═════ PROVIDED RECORDS

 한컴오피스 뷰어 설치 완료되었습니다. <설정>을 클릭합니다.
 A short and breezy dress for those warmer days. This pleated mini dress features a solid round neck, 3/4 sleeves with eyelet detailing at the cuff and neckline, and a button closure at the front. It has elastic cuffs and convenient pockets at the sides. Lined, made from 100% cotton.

══════════
═════ PROVIDED RECORDS

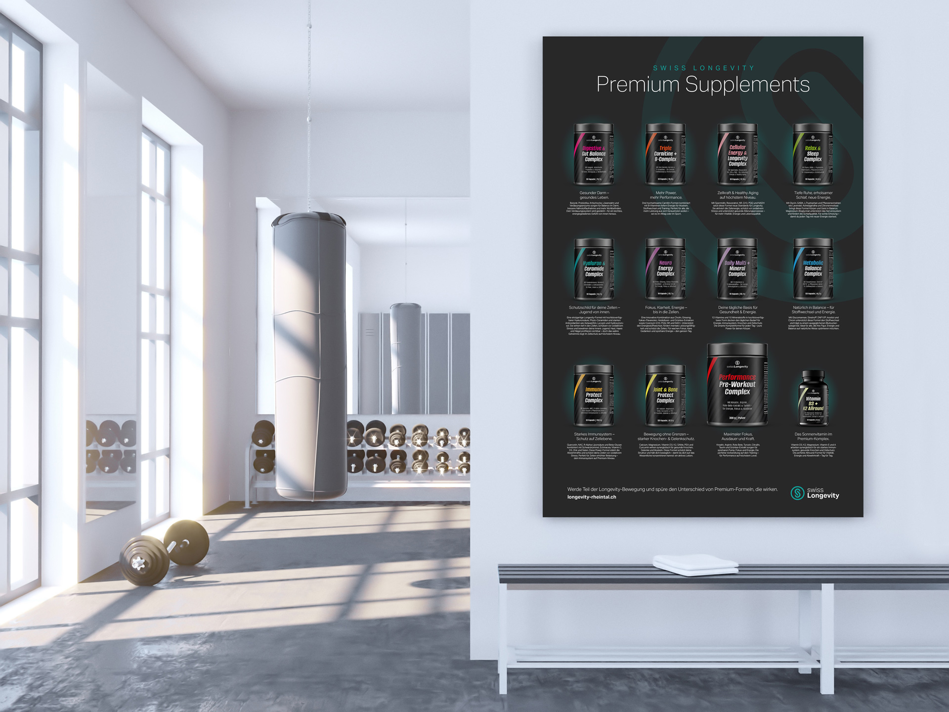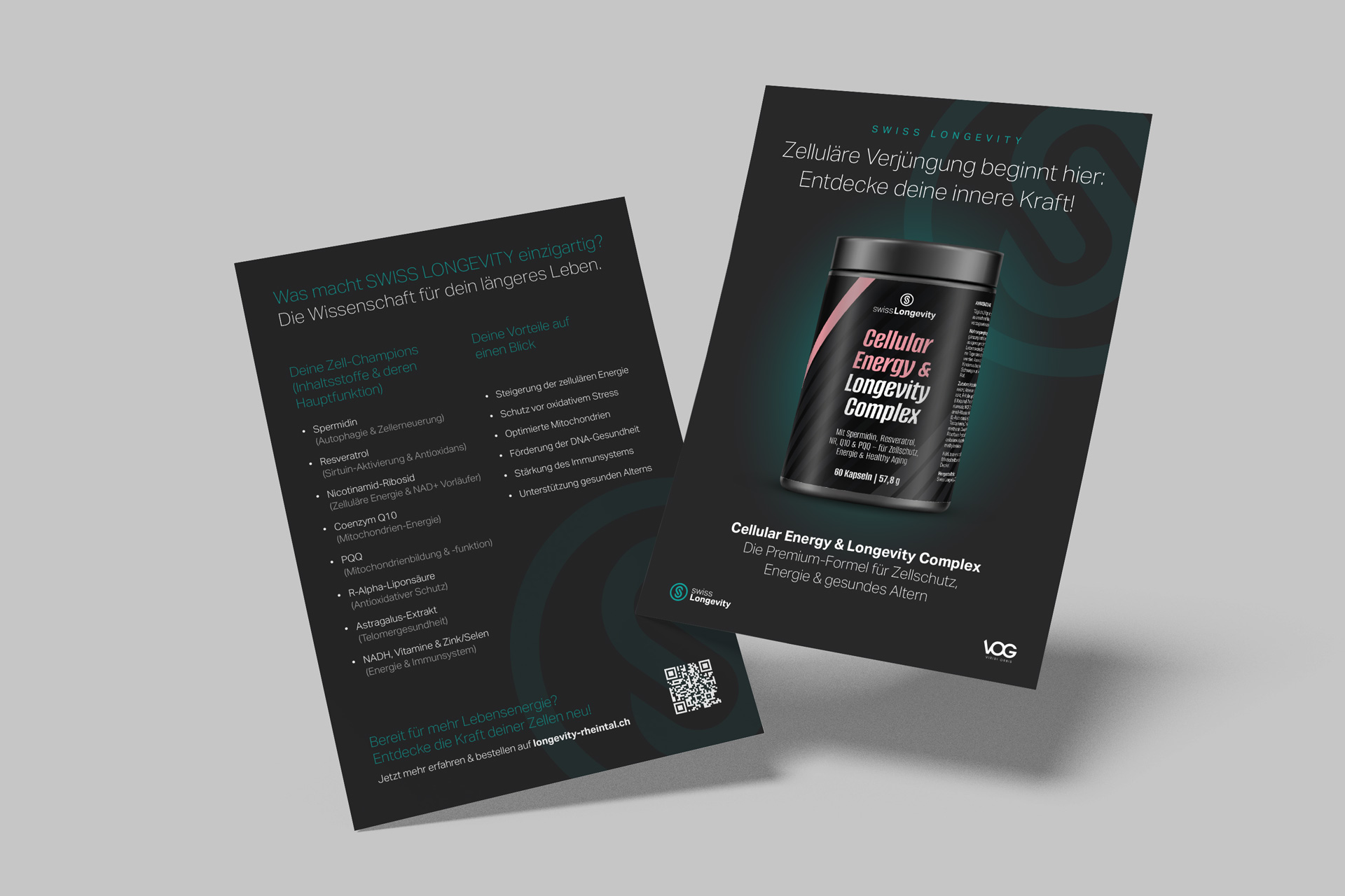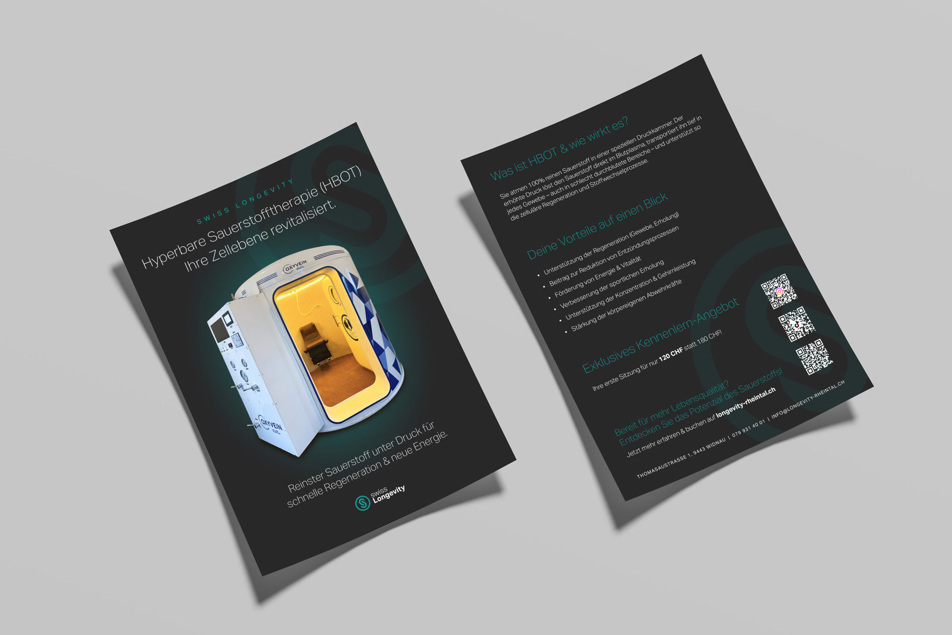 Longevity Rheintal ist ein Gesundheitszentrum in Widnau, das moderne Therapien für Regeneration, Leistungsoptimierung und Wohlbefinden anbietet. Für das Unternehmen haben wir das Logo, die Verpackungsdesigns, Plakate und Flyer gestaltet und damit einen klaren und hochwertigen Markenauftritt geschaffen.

══════════
═════ PROVIDED RECORDS

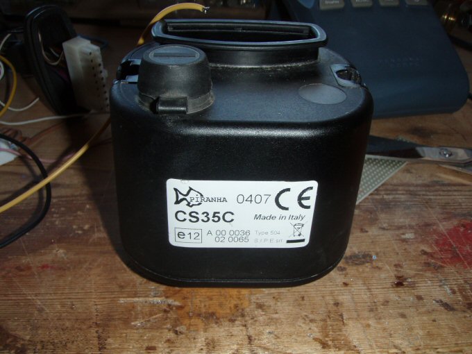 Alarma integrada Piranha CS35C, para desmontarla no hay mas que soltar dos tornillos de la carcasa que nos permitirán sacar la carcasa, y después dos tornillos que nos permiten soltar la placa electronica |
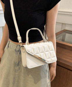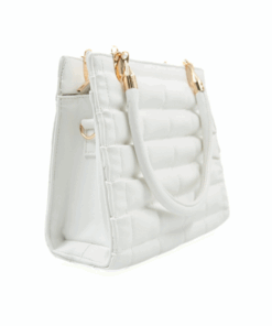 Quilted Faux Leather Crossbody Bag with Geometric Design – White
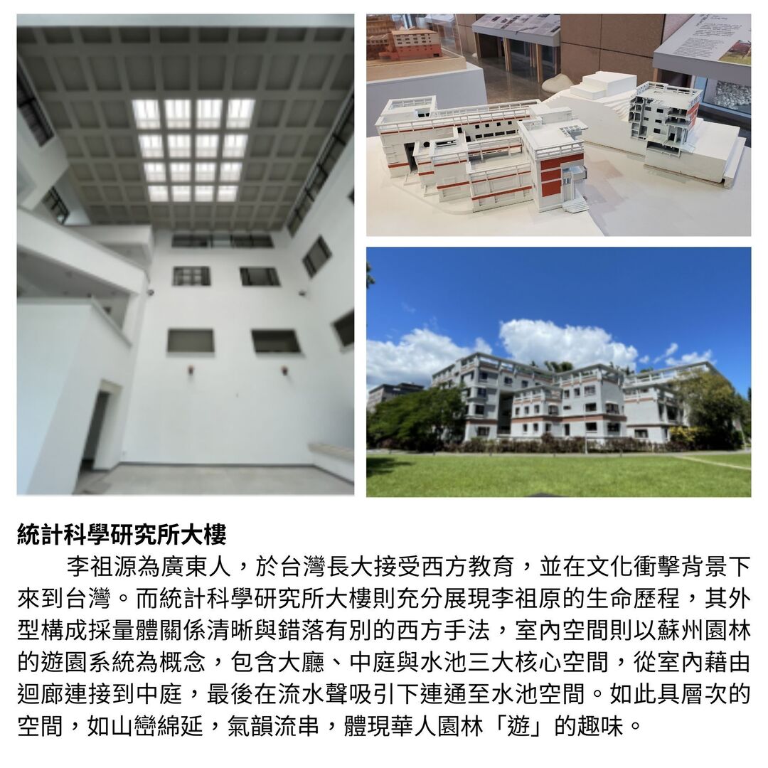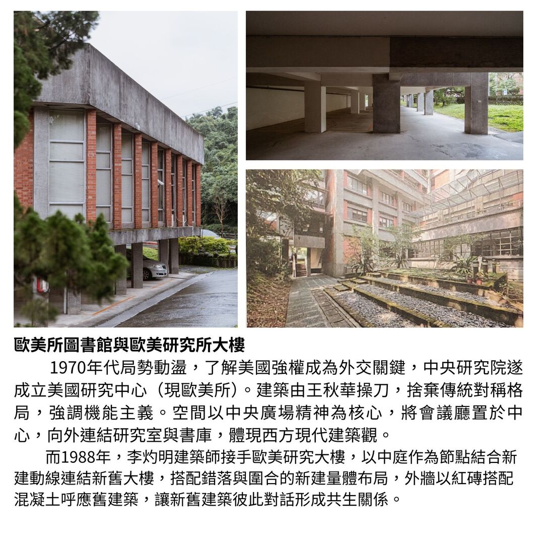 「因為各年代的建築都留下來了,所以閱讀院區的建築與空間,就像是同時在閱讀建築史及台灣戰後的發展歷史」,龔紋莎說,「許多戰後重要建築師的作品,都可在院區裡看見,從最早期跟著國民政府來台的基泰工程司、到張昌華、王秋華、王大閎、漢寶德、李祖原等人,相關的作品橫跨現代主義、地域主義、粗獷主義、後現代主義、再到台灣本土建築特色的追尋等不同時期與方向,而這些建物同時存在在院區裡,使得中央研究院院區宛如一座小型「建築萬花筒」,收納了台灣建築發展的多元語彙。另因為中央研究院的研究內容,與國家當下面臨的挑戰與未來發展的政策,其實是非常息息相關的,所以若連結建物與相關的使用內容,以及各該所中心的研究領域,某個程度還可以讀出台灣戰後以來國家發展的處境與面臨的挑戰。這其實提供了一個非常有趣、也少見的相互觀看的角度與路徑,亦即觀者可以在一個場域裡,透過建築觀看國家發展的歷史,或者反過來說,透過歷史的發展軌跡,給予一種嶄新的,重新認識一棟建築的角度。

══════════

--- THE TASK ---
Retype the portion of the data above that starts on the line with "한컴오피스 뷰어 설치 완료되었습니다. <설정>을 클릭합니다." and finishes on the line with "A short and", including both of those lines.

--- ANSWER TO THIS TASK ---
 한컴오피스 뷰어 설치 완료되었습니다. <설정>을 클릭합니다.
 A short and breezy dress for those warmer days. This pleated mini dress features a solid round neck, 3/4 sleeves with eyelet detailing at the cuff and neckline, and a button closure at the front. It has elastic cuffs and convenient pockets at the sides. Lined, made from 100% cotton.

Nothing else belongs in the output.